- _WHAT THE EXERCISE ASKS_: Nothing but the lines below from the one that contains "Break away from" through the one that contains "Parafialny cmentarz w" should be retyped, exactly and including both ends. Do not include pictures.

*** AVAILABLE DATA Section Begins ***

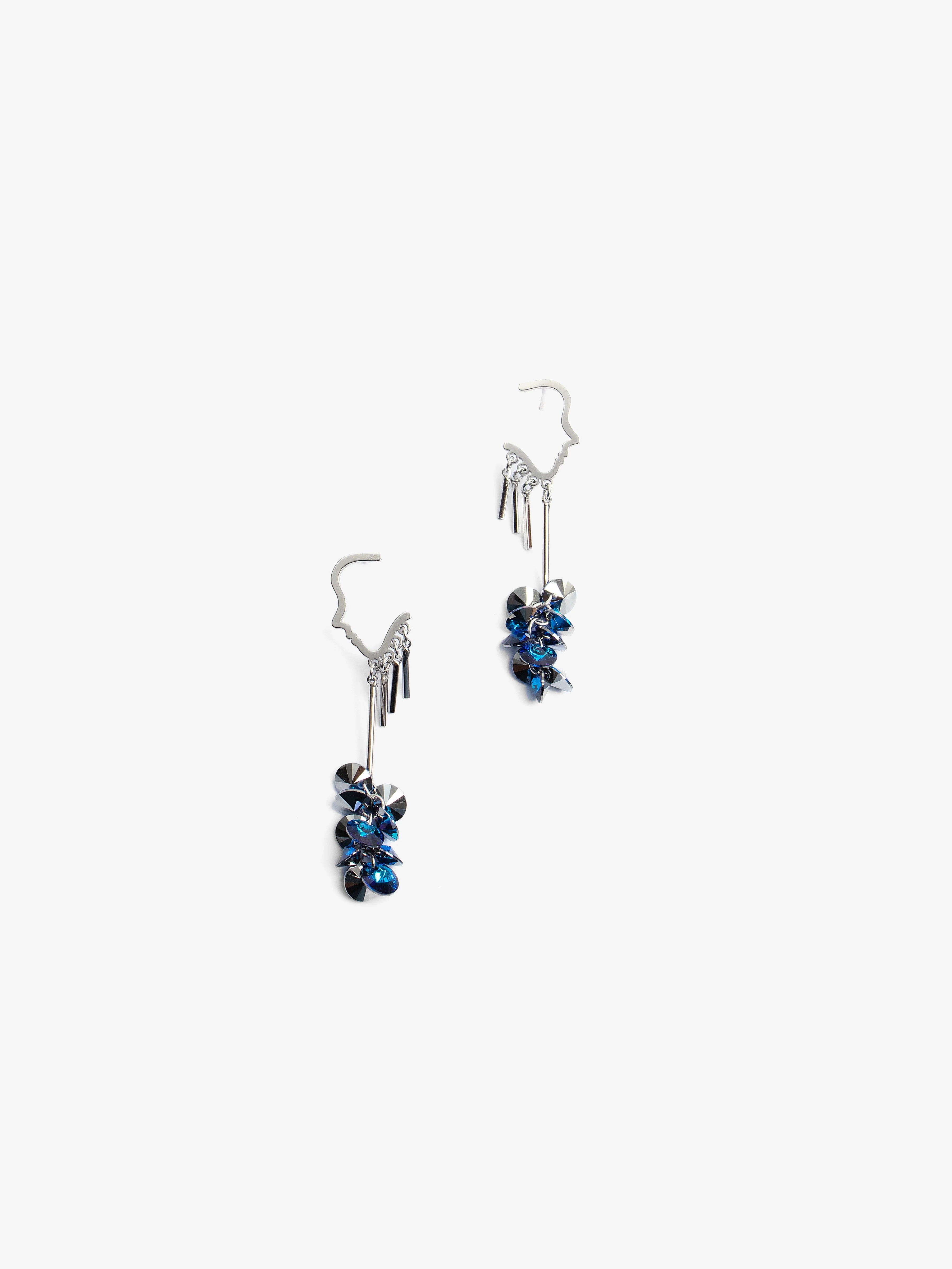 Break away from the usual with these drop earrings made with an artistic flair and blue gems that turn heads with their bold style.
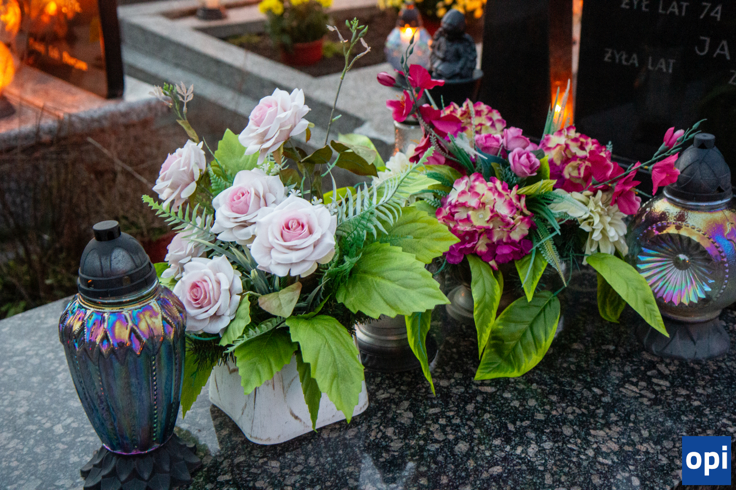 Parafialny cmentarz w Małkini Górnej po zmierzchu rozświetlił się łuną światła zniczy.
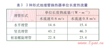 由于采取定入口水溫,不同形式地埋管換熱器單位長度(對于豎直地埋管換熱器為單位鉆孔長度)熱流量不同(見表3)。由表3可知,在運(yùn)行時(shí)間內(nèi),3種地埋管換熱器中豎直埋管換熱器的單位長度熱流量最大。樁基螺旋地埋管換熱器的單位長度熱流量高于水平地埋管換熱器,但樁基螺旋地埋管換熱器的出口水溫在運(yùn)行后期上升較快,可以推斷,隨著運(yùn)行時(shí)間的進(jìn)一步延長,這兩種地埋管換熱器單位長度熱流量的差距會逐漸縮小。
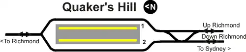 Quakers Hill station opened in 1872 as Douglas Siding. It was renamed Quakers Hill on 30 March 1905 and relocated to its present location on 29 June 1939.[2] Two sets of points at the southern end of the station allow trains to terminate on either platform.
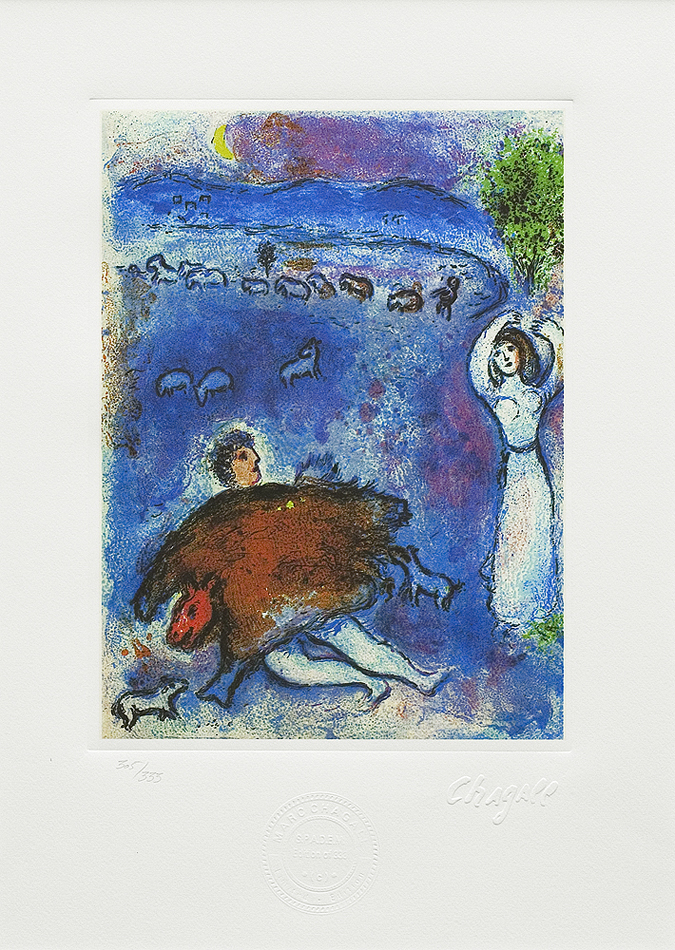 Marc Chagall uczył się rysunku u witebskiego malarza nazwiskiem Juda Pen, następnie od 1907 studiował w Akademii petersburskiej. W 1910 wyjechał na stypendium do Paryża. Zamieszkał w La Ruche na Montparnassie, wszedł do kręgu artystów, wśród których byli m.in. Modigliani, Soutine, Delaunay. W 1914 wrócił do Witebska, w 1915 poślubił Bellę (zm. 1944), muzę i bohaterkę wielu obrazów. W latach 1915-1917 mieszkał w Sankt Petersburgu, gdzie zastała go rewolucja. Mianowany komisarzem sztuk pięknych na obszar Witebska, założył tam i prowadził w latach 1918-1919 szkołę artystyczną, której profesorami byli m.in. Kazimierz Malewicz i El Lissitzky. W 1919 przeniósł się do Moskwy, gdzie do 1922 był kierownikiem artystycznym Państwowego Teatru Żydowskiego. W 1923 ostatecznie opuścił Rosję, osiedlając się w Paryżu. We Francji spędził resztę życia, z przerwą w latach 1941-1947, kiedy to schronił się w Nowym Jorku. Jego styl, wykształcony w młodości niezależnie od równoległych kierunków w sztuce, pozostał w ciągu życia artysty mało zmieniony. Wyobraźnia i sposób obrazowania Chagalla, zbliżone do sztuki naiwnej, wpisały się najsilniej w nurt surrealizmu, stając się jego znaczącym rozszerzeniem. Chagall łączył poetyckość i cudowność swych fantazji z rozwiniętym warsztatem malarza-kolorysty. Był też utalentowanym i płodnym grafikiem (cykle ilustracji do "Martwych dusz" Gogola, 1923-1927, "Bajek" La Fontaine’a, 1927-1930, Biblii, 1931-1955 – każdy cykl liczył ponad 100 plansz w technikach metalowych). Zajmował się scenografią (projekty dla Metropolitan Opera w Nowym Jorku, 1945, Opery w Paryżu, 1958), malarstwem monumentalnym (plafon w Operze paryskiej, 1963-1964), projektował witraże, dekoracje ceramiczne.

*** AVAILABLE DATA Section Ends ***
*** AVAILABLE DATA Section Begins ***

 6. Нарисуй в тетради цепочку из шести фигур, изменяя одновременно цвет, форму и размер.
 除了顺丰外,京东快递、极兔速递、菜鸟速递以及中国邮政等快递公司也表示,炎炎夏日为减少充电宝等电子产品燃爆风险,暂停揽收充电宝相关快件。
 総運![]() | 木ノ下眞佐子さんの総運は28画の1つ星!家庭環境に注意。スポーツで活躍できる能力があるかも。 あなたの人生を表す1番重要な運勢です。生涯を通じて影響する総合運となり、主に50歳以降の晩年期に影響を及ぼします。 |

*** AVAILABLE DATA Section Ends ***

- _OUTPUT OF THE TASK_:
 Break away from the usual with these drop earrings made with an artistic flair and blue gems that turn heads with their bold style.
 Parafialny cmentarz w Małkini Górnej po zmierzchu rozświetlił się łuną światła zniczy.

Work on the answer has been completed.